■ Collected data
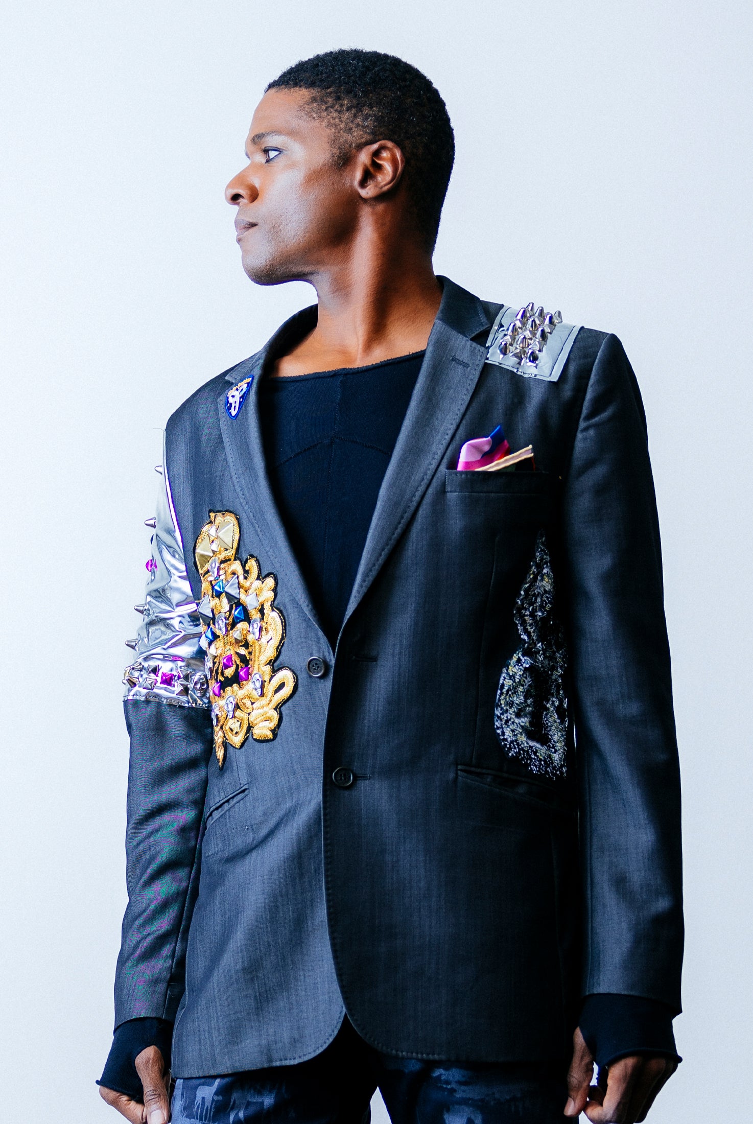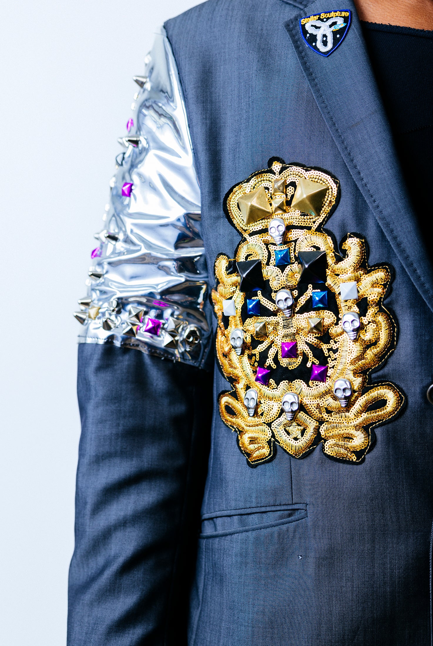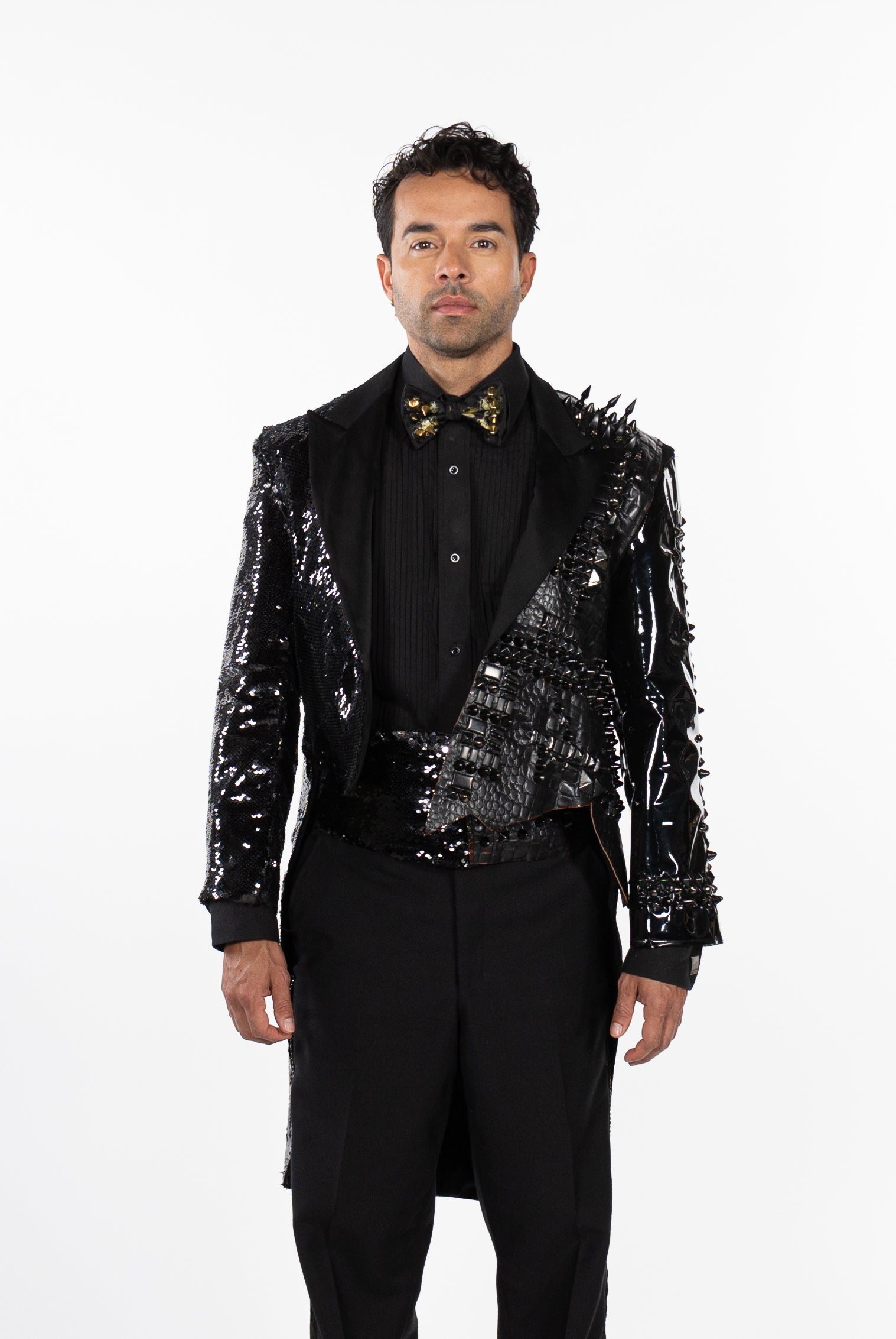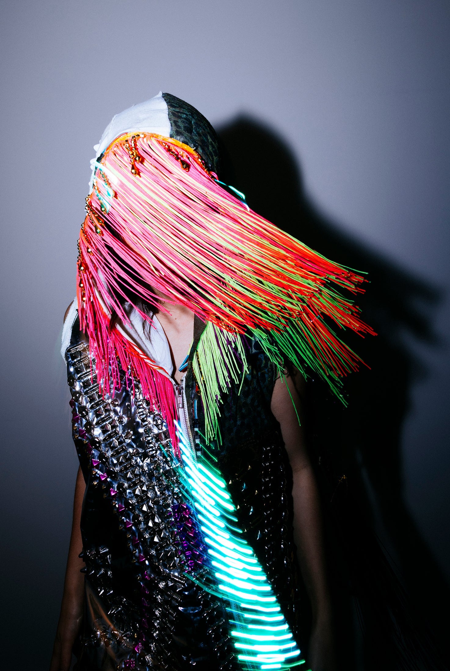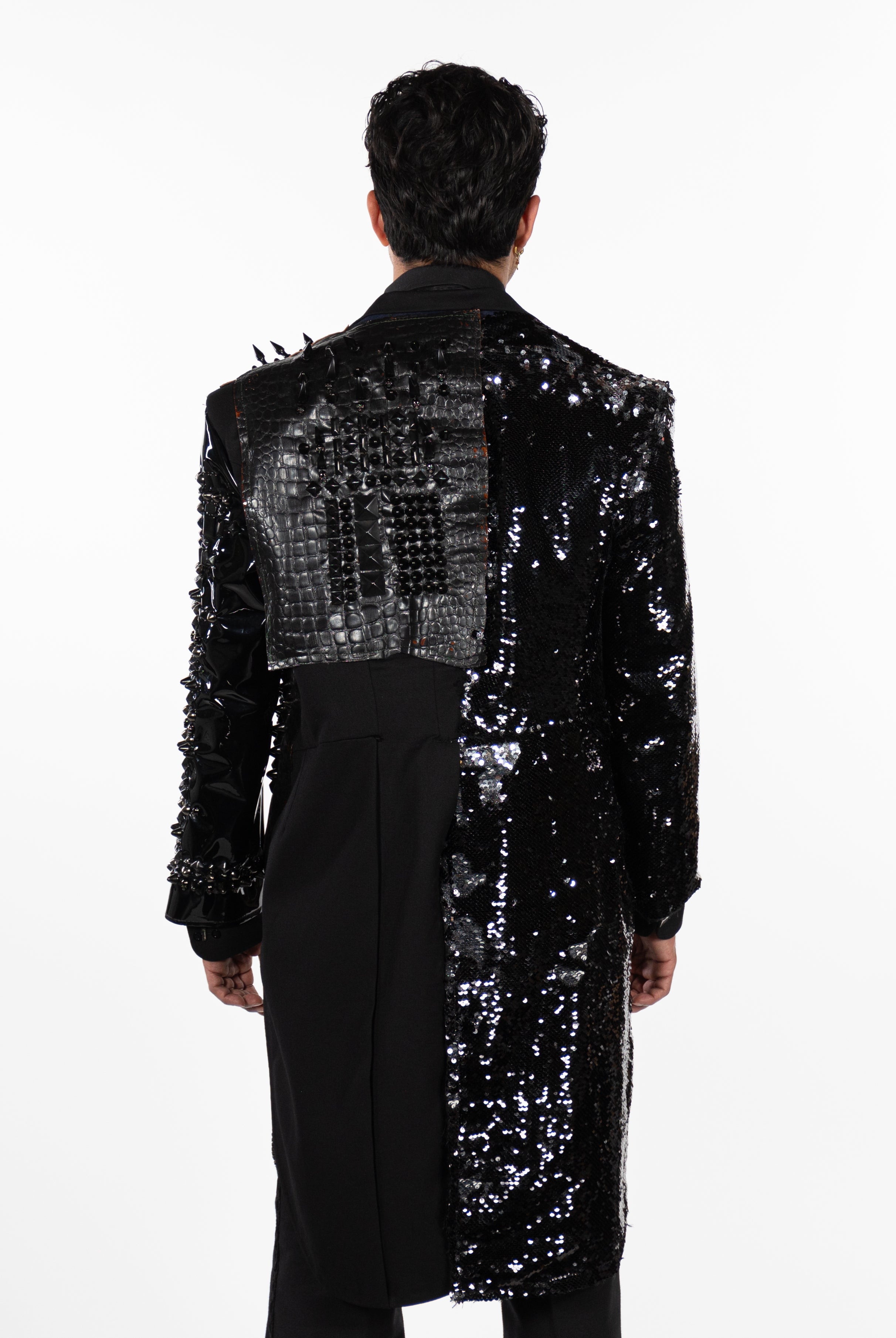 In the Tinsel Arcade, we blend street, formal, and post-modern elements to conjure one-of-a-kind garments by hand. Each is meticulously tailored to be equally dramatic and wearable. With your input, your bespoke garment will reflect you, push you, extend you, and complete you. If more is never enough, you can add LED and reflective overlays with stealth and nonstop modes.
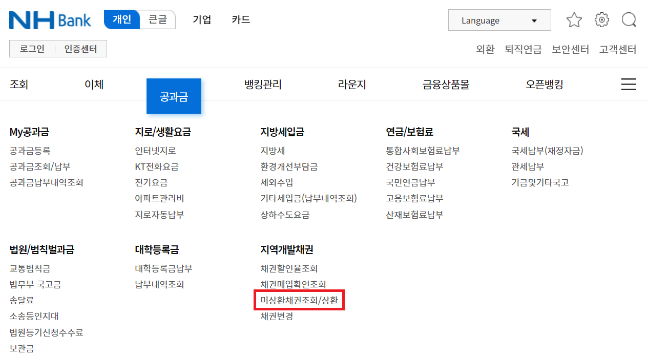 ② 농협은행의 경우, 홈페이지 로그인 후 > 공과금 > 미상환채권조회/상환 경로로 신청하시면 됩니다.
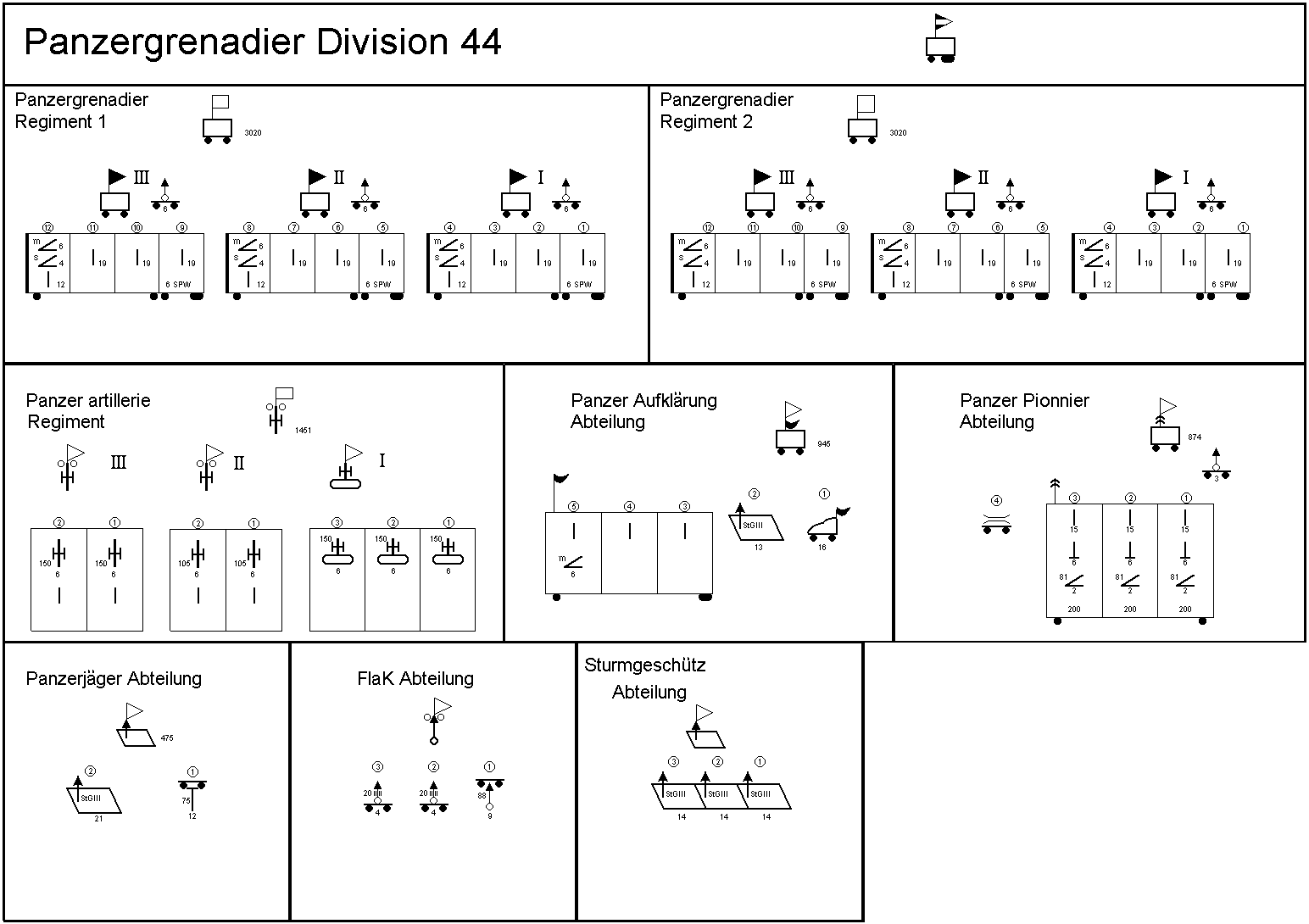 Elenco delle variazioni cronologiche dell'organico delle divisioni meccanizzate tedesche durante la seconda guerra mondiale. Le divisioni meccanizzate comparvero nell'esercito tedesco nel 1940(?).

■ Problem to work on
Return the material above verbatim, minus the pictures.

■ Result of this task
 In the Tinsel Arcade, we blend street, formal, and post-modern elements to conjure one-of-a-kind garments by hand. Each is meticulously tailored to be equally dramatic and wearable. With your input, your bespoke garment will reflect you, push you, extend you, and complete you. If more is never enough, you can add LED and reflective overlays with stealth and nonstop modes.
 ② 농협은행의 경우, 홈페이지 로그인 후 > 공과금 > 미상환채권조회/상환 경로로 신청하시면 됩니다.
 Elenco delle variazioni cronologiche dell'organico delle divisioni meccanizzate tedesche durante la seconda guerra mondiale. Le divisioni meccanizzate comparvero nell'esercito tedesco nel 1940(?).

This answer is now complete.